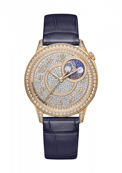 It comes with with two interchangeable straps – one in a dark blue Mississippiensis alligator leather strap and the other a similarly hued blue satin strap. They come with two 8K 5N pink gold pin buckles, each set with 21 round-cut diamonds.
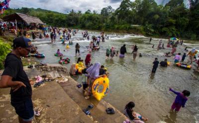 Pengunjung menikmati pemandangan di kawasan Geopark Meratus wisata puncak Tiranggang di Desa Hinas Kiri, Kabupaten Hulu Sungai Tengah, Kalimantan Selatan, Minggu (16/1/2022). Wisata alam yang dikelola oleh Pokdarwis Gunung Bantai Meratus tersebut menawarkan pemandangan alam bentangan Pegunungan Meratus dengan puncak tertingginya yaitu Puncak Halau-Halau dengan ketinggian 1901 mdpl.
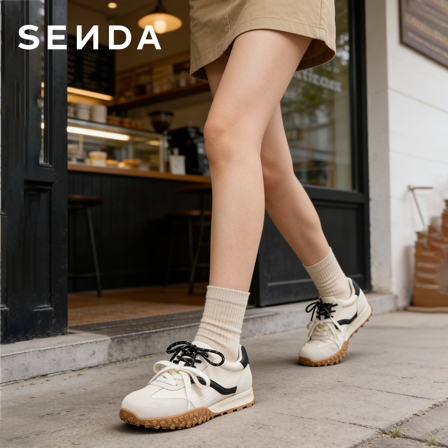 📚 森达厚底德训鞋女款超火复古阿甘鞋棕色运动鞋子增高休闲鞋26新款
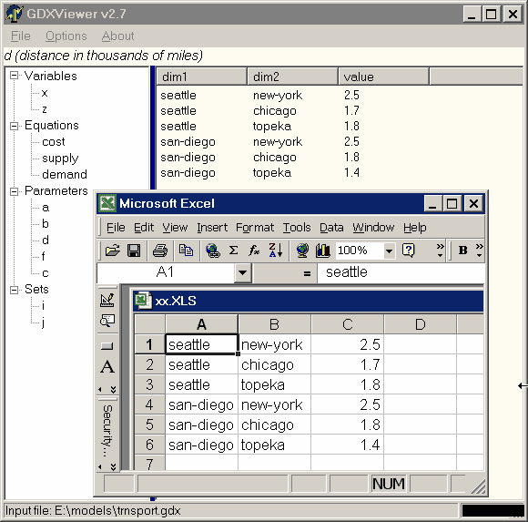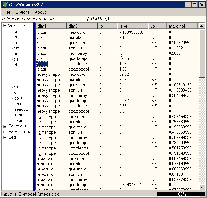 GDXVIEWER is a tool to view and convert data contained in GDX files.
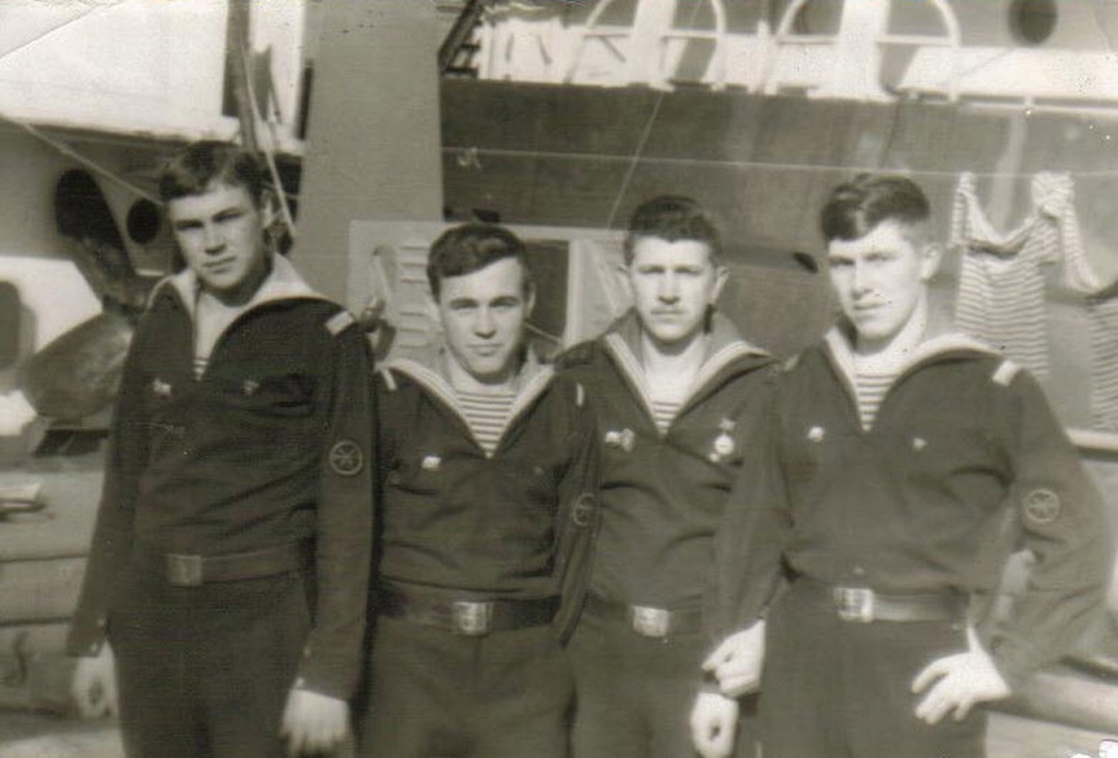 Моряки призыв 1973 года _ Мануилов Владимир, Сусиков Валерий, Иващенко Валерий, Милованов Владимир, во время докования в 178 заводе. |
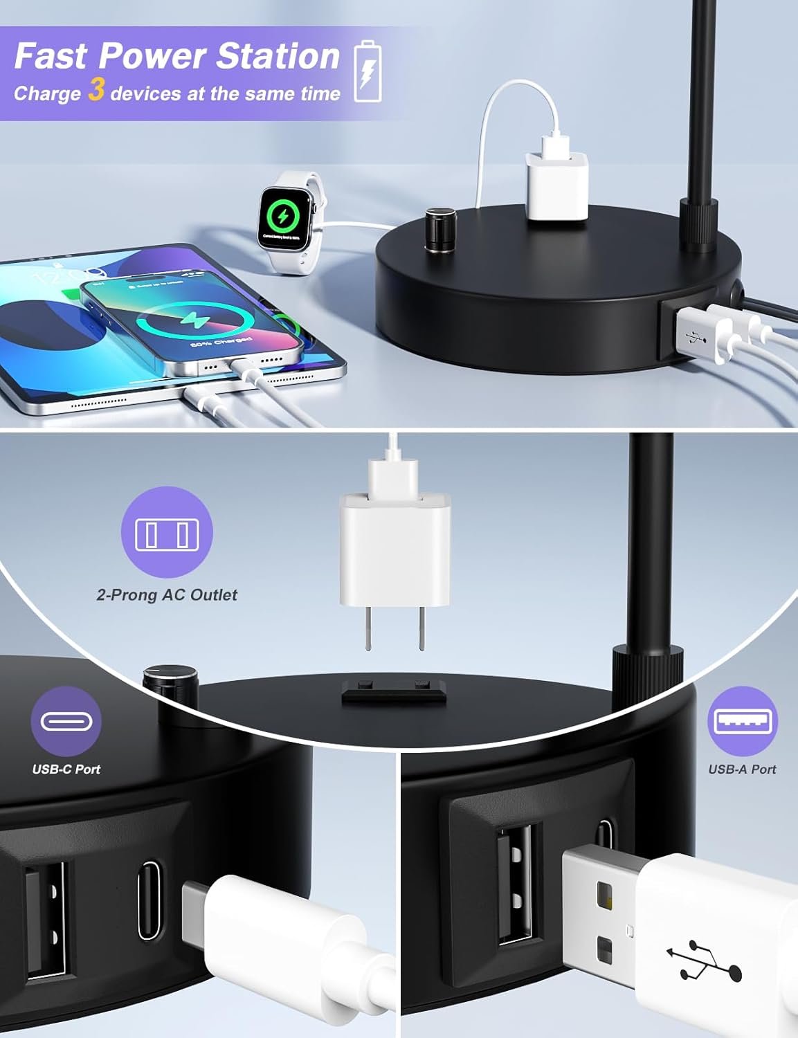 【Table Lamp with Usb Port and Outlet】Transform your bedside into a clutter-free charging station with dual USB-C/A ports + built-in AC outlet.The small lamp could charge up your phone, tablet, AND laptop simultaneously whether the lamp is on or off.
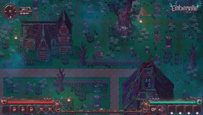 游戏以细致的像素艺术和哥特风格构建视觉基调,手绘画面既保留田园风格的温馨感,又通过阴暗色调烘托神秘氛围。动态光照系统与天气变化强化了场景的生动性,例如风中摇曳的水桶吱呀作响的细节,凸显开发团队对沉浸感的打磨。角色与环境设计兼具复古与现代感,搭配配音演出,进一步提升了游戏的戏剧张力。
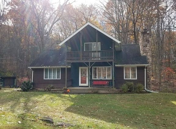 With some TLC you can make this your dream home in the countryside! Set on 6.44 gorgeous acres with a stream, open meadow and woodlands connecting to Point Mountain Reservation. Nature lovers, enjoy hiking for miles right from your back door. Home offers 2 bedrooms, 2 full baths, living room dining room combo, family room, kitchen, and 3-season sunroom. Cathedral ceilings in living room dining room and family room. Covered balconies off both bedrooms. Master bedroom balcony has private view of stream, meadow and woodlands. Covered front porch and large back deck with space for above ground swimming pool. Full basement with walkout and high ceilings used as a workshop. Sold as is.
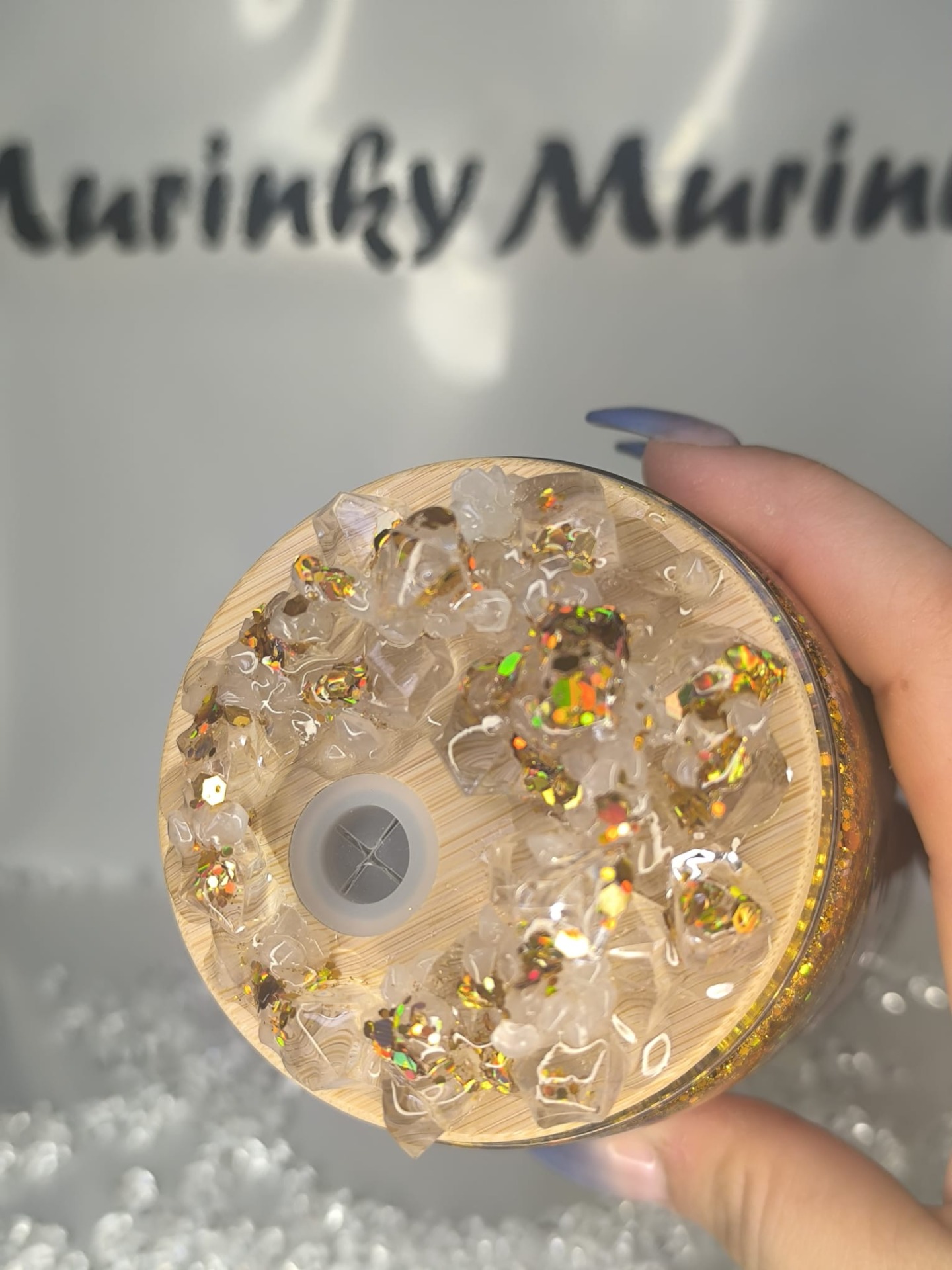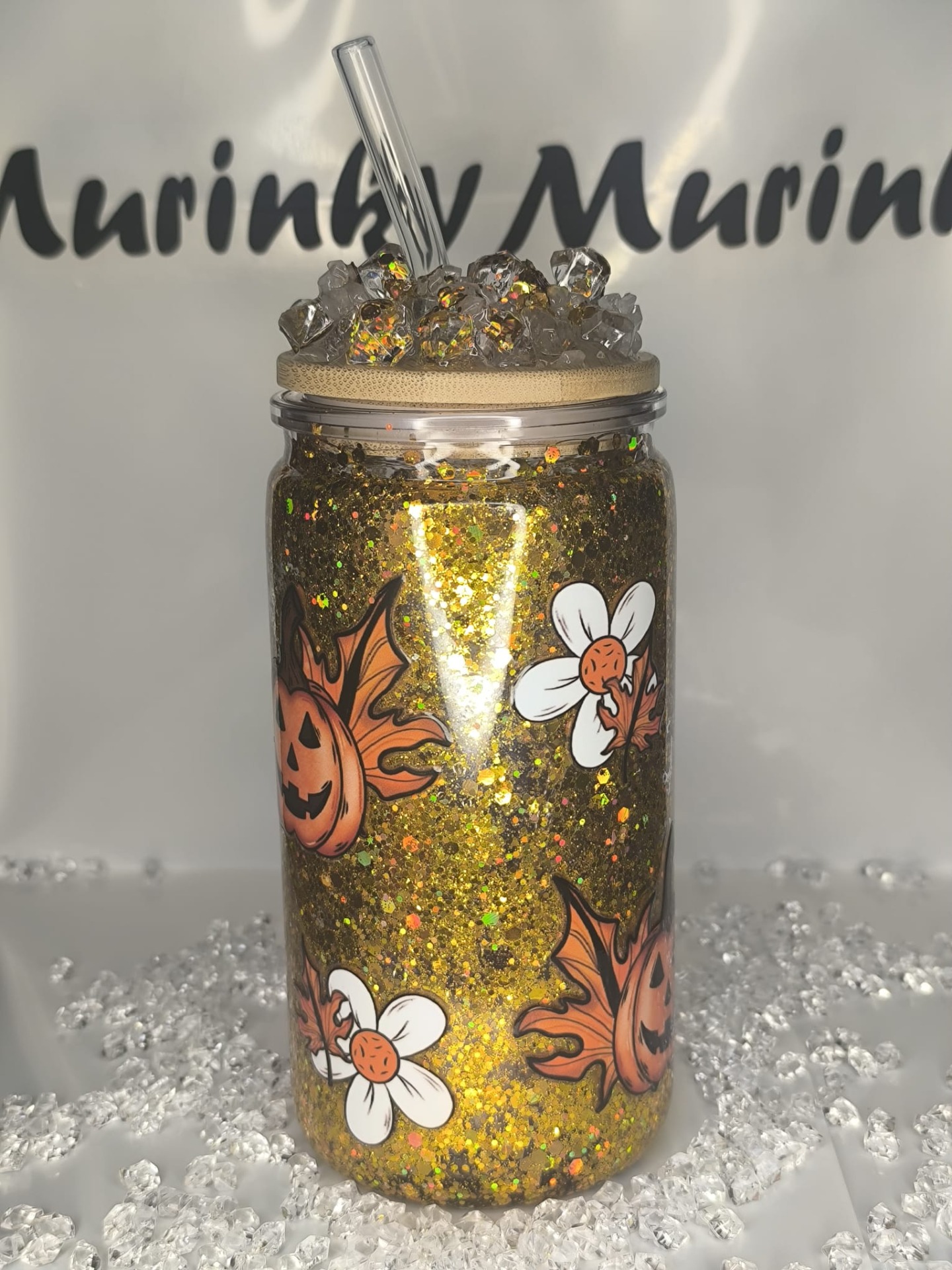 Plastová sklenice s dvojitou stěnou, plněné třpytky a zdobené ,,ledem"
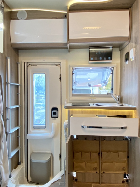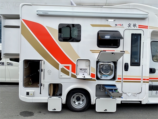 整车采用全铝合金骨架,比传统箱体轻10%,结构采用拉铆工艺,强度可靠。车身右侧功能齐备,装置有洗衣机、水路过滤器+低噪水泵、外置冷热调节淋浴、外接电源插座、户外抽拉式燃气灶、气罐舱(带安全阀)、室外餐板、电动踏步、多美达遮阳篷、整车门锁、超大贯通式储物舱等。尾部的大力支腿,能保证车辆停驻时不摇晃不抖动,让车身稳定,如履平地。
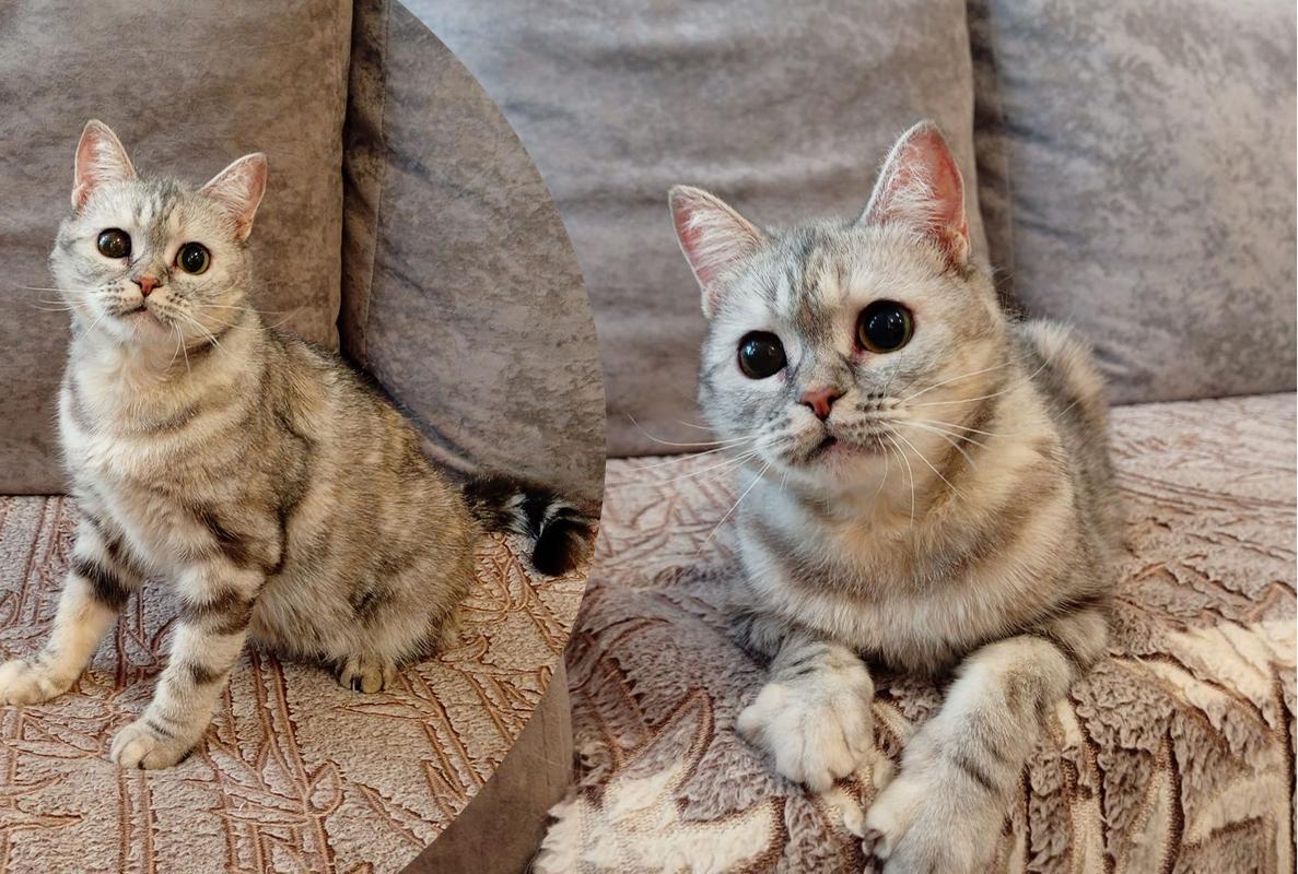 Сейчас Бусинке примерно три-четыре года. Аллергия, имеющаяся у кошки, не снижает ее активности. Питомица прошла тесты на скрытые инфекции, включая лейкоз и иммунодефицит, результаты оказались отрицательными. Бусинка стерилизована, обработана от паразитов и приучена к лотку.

——————

> [YOUR TASK]: Write out, word for word, the lines from the first line of the entries through the one containing "游戏以细致的像素艺术和哥特风", both included. Leave out the pictures.

> [EXERCISE ANSWER]:
 It comes with with two interchangeable straps – one in a dark blue Mississippiensis alligator leather strap and the other a similarly hued blue satin strap. They come with two 8K 5N pink gold pin buckles, each set with 21 round-cut diamonds.
 Pengunjung menikmati pemandangan di kawasan Geopark Meratus wisata puncak Tiranggang di Desa Hinas Kiri, Kabupaten Hulu Sungai Tengah, Kalimantan Selatan, Minggu (16/1/2022). Wisata alam yang dikelola oleh Pokdarwis Gunung Bantai Meratus tersebut menawarkan pemandangan alam bentangan Pegunungan Meratus dengan puncak tertingginya yaitu Puncak Halau-Halau dengan ketinggian 1901 mdpl.
 📚 森达厚底德训鞋女款超火复古阿甘鞋棕色运动鞋子增高休闲鞋26新款
 GDXVIEWER is a tool to view and convert data contained in GDX files.
 Моряки призыв 1973 года _ Мануилов Владимир, Сусиков Валерий, Иващенко Валерий, Милованов Владимир, во время докования в 178 заводе. |
 【Table Lamp with Usb Port and Outlet】Transform your bedside into a clutter-free charging station with dual USB-C/A ports + built-in AC outlet.The small lamp could charge up your phone, tablet, AND laptop simultaneously whether the lamp is on or off.
 游戏以细致的像素艺术和哥特风格构建视觉基调,手绘画面既保留田园风格的温馨感,又通过阴暗色调烘托神秘氛围。动态光照系统与天气变化强化了场景的生动性,例如风中摇曳的水桶吱呀作响的细节,凸显开发团队对沉浸感的打磨。角色与环境设计兼具复古与现代感,搭配配音演出,进一步提升了游戏的戏剧张力。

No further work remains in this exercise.